Make an exact copy of the entries, taking out every picture.

Dataset excerpts:
========

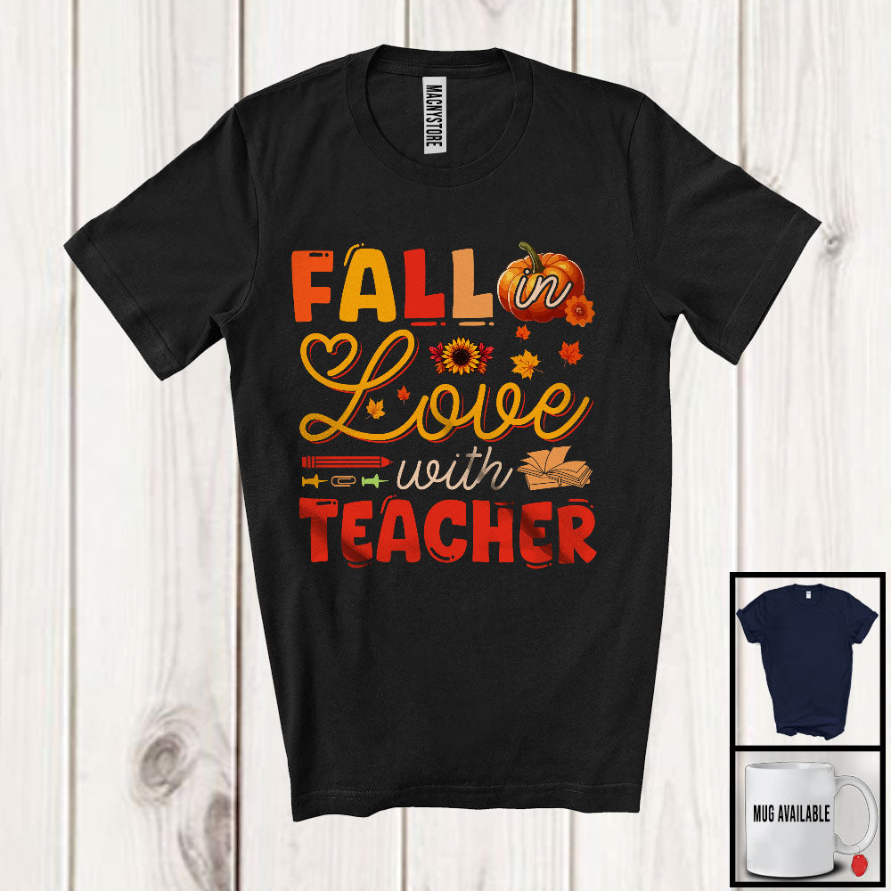 Fall In Love With Teacher; Wonderful Thanksgiving Autumn Pumpkin; Jobs Careers Proud T-Shirt. This cotton t-shirt is a durable staple product with a classic fit. One of the most popular items, it has a relaxed style made for everyday and casual wear.
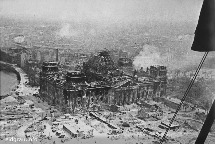 Рейхстаг с птичьего полета. У входа стоит французский трофейный танк, принимавший участие в обороне.
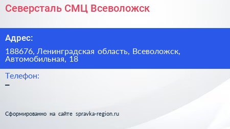 Северсталь-СМЦ-Всеволожск по адресу 188676, Ленинградская область, Всеволожск, Автомобильная, 18 в дальнейшем Организация, размещена в следующих категориях:
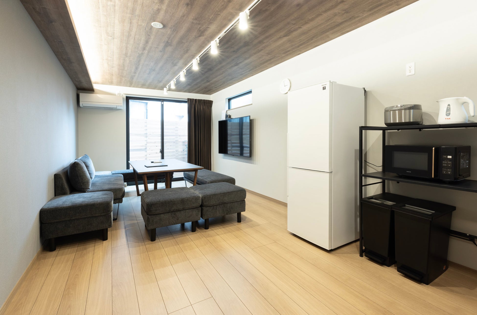 空き土地から設計・建築し生まれた戸建型ホテル。10人以上でも泊まれる1日1組限定の宿。博多駅や福岡空港にも好アクセスで、便利さと快適さを備えたホテルで福岡の旅をサポート。
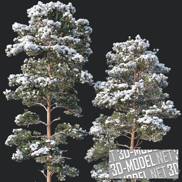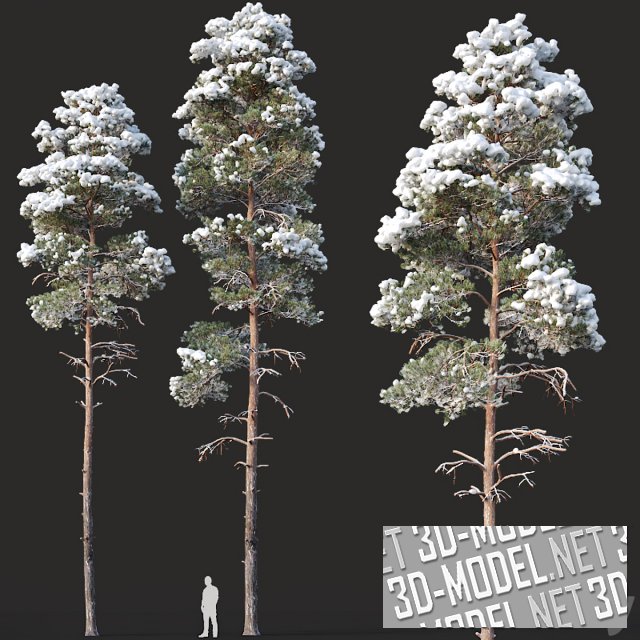 Pinus sylvestris) зимой. Три высоких дерева (16-18м) щедро присыпаны снегом.
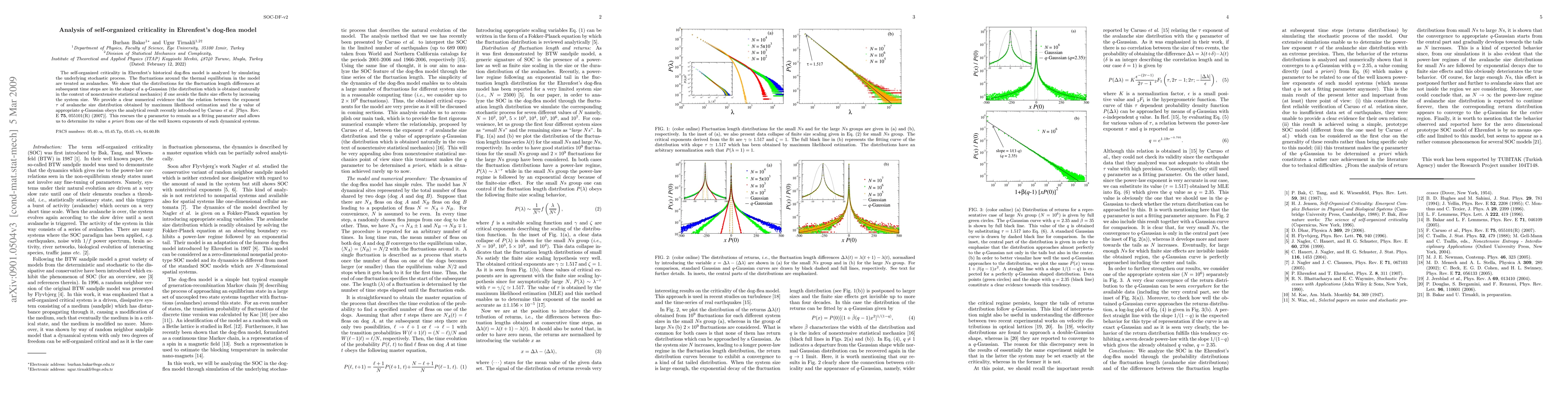 The self-organized criticality in Ehrenfest's historical dog-flea model is analyzed by simulating the underlying stochastic process. The fluctuations around the thermal equilibrium in the model are treated as avalanches. We show that the distributions for the fluctuation length differences at subsequent time steps are in the shape of a $q$-Gaussian (the distribution which is obtained naturally in the context of nonextensive statistical mechanics) if one avoids the finite size effects by increasing the system size. We provide a clear numerical evidence that the relation between the exponent $\tau$ of avalanche size distribution obtained by maximum likelihood estimation and the $q$ value of appropriate q-Gaussian obeys the analytical result recently introduced by Caruso et al. [Phys. Rev. E \textbf{75}, 055101(R) (2007)]. This rescues the q parameter to remain as a fitting parameter and allows us to determine its value a priori from one of the well known exponents of such dynamical systems.
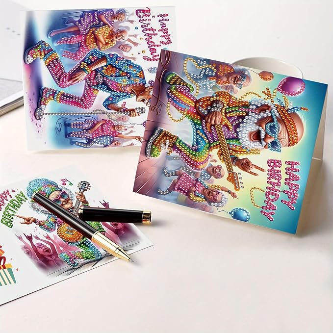 6 Pieces Diamond Art Painted Greeting Cards, Trendy Music Elderly 5D DIY Special Shape Diamond Card Creative Gifts, Christmas Thanksgiving Greeting Cards Congratulation
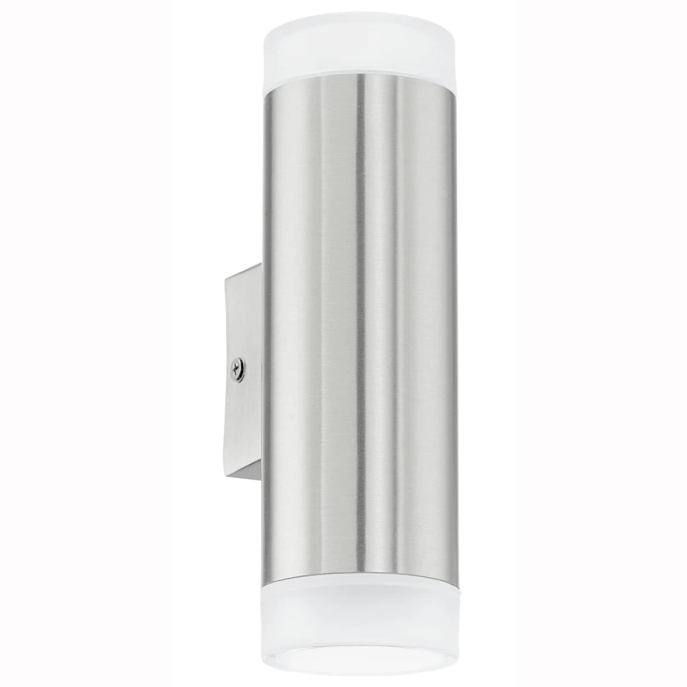 The Eglo Riga LED exterior up and down wall light is a contemporary looking light. Finished in stainless steel with two satinated plastic diffusers where the light is emitted from the top and bottom. Fitted with 2 x non-dimmable 3w GU10 LEDs, but if you wish to dim this fitting, you can use dimmable GU10s. With the lamps provided, there’s a 15,000 hours expected life. IP44 rated and class 1, earthed
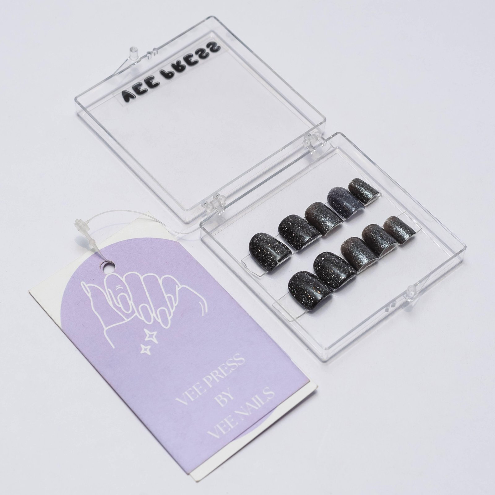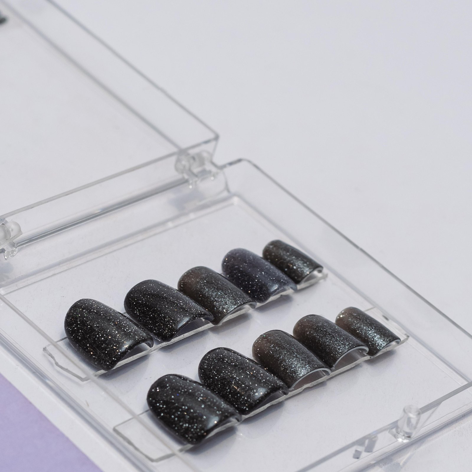 Night Shadow Press-On Nails Add a touch of mystery and sparkle with our Night Shadow press-on nails. These sleek black nails come with reflective glitter that shines even brighter when exposed to light, creating a captivating glow. Perfect for adding an edgy yet glamorous look to your nails. Where to Use: Perfect for a night out, parties, or any event where you want your nails to stand out and shine. Whether it's a special occasion or just to elevate your everyday style, Night Shadow nails add a bold statement to your look. Ideal for anyone who loves unique and dramatic nails!

========

Response to the task:
 Fall In Love With Teacher; Wonderful Thanksgiving Autumn Pumpkin; Jobs Careers Proud T-Shirt. This cotton t-shirt is a durable staple product with a classic fit. One of the most popular items, it has a relaxed style made for everyday and casual wear.
 Рейхстаг с птичьего полета. У входа стоит французский трофейный танк, принимавший участие в обороне.
 Северсталь-СМЦ-Всеволожск по адресу 188676, Ленинградская область, Всеволожск, Автомобильная, 18 в дальнейшем Организация, размещена в следующих категориях:
 空き土地から設計・建築し生まれた戸建型ホテル。10人以上でも泊まれる1日1組限定の宿。博多駅や福岡空港にも好アクセスで、便利さと快適さを備えたホテルで福岡の旅をサポート。
 Pinus sylvestris) зимой. Три высоких дерева (16-18м) щедро присыпаны снегом.
 The self-organized criticality in Ehrenfest's historical dog-flea model is analyzed by simulating the underlying stochastic process. The fluctuations around the thermal equilibrium in the model are treated as avalanches. We show that the distributions for the fluctuation length differences at subsequent time steps are in the shape of a $q$-Gaussian (the distribution which is obtained naturally in the context of nonextensive statistical mechanics) if one avoids the finite size effects by increasing the system size. We provide a clear numerical evidence that the relation between the exponent $\tau$ of avalanche size distribution obtained by maximum likelihood estimation and the $q$ value of appropriate q-Gaussian obeys the analytical result recently introduced by Caruso et al. [Phys. Rev. E \textbf{75}, 055101(R) (2007)]. This rescues the q parameter to remain as a fitting parameter and allows us to determine its value a priori from one of the well known exponents of such dynamical systems.
 6 Pieces Diamond Art Painted Greeting Cards, Trendy Music Elderly 5D DIY Special Shape Diamond Card Creative Gifts, Christmas Thanksgiving Greeting Cards Congratulation
 The Eglo Riga LED exterior up and down wall light is a contemporary looking light. Finished in stainless steel with two satinated plastic diffusers where the light is emitted from the top and bottom. Fitted with 2 x non-dimmable 3w GU10 LEDs, but if you wish to dim this fitting, you can use dimmable GU10s. With the lamps provided, there’s a 15,000 hours expected life. IP44 rated and class 1, earthed
 Night Shadow Press-On Nails Add a touch of mystery and sparkle with our Night Shadow press-on nails. These sleek black nails come with reflective glitter that shines even brighter when exposed to light, creating a captivating glow. Perfect for adding an edgy yet glamorous look to your nails. Where to Use: Perfect for a night out, parties, or any event where you want your nails to stand out and shine. Whether it's a special occasion or just to elevate your everyday style, Night Shadow nails add a bold statement to your look. Ideal for anyone who loves unique and dramatic nails!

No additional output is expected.